Online lacks any randomness or chance; and this illusion of fate and order is at odds with the actual structure of the universe.

Online we are not social beings but com modified identities; immersed in diluted ideas, weak connections and fleeting emotional states that neither originate within us, nor belong to us. We are possessed by the internet, and so dispossessed of life.

This issue is dedicated to Direct Perception: the quest to disentangle our firsthand knowledge of reality from a worldwide web of inherited fantasies. This involves reasserting the binary relationship between what we can prove exists and what we pretend exists. At one pole is a purely rational description of the cosmos. At the other, a rich cultural soup of narrative. A direct perception of reality emerges from the tension between these two extremes.

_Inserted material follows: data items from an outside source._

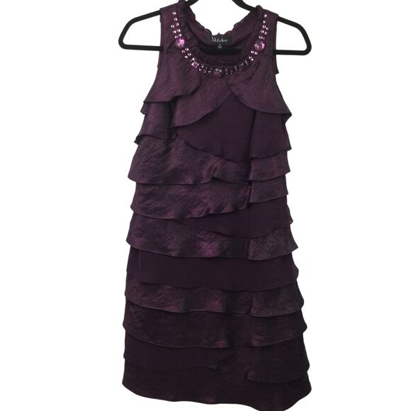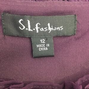 S.L. Fashions Women's Beaded Round Neck Sleeveless Feminine Knee Length Tiered Flounce Holiday Party Elegant Sheath Dress Purple Size 12
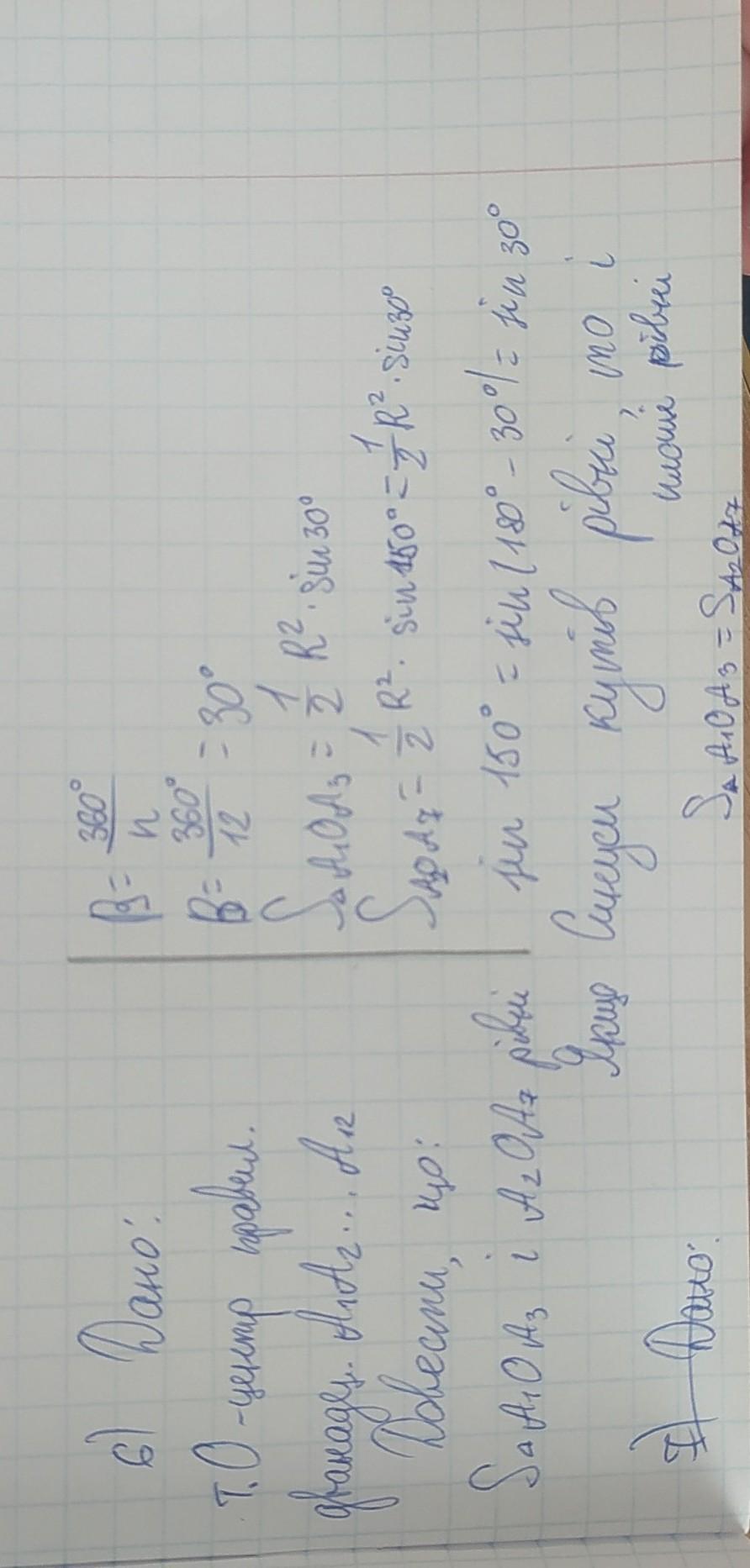 Точка О-центр правильного дванадцятикутника А1 А2 ... А12. Доведіть, що площі трикутників A1 0 A3 і А2 0 А7, рівні.
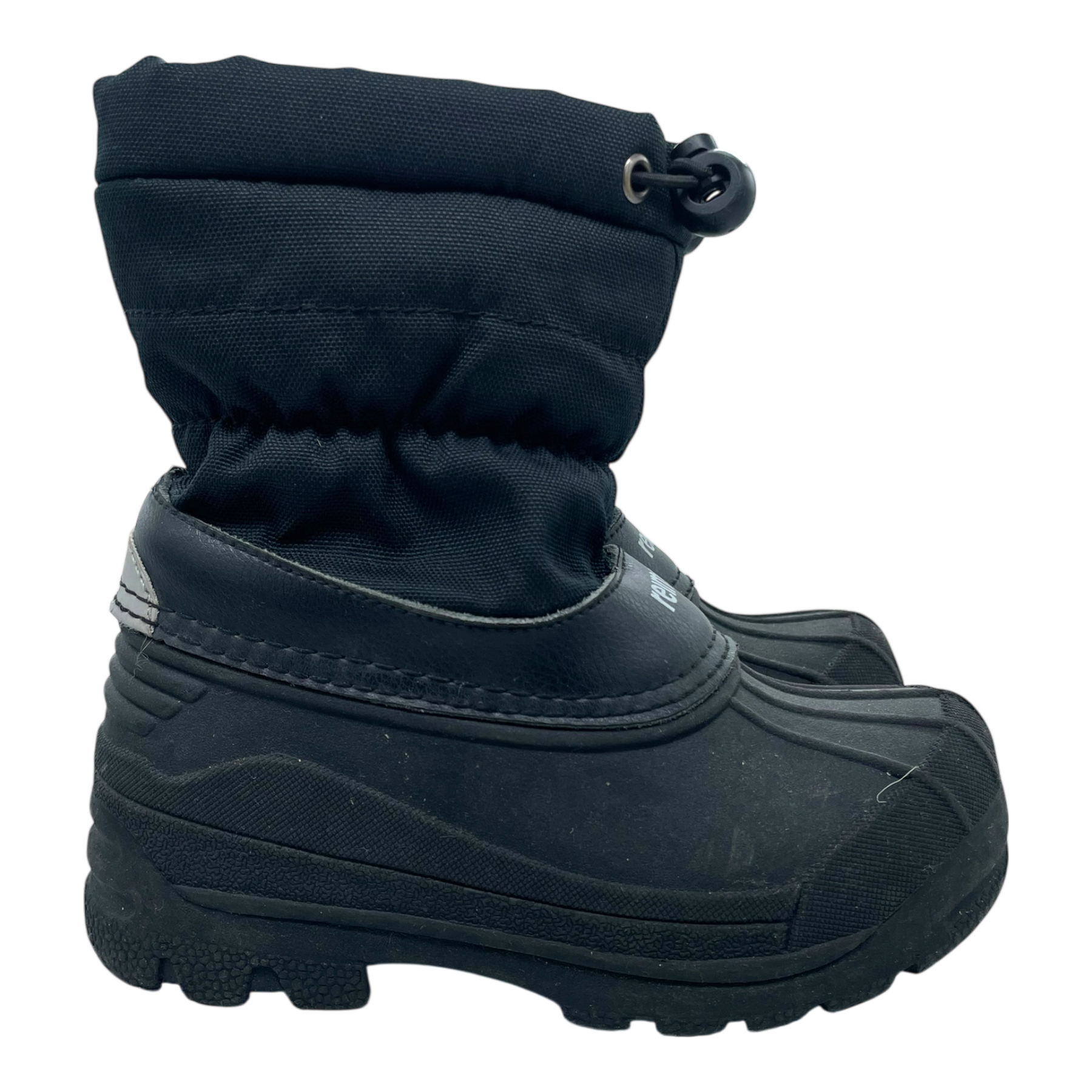 Reima Nefar duck snow boots equipped with a completely waterproof galosh section in durable thermoplastic rubber for protection from slush on wet days.

Material reality is not always meaningful. Human meaning is not really true. But as a charged exchange, we can tell stories about hardcore science in order to comprehend its truths; and we can acknowledge myth as a symbolic function, stripping their power to distort, misinform and miseducate.

For exactly seven years, this magazine has tried to capture something of what it means to live today. The historical arc

it has traced began with a return to authoritarianism. It has progressed through the gradual collapse of globalisation and the natural world. It described the explosion in misinformation, distrust and magical thinking; the emergence of a new civil rights era, and its counterrevolution.

It has reviewed the death of linear time, progress, and the feeling of living through the end of a great epoch. We now understand that Real Review is a magazine recording the terminal period of capitalist modernity.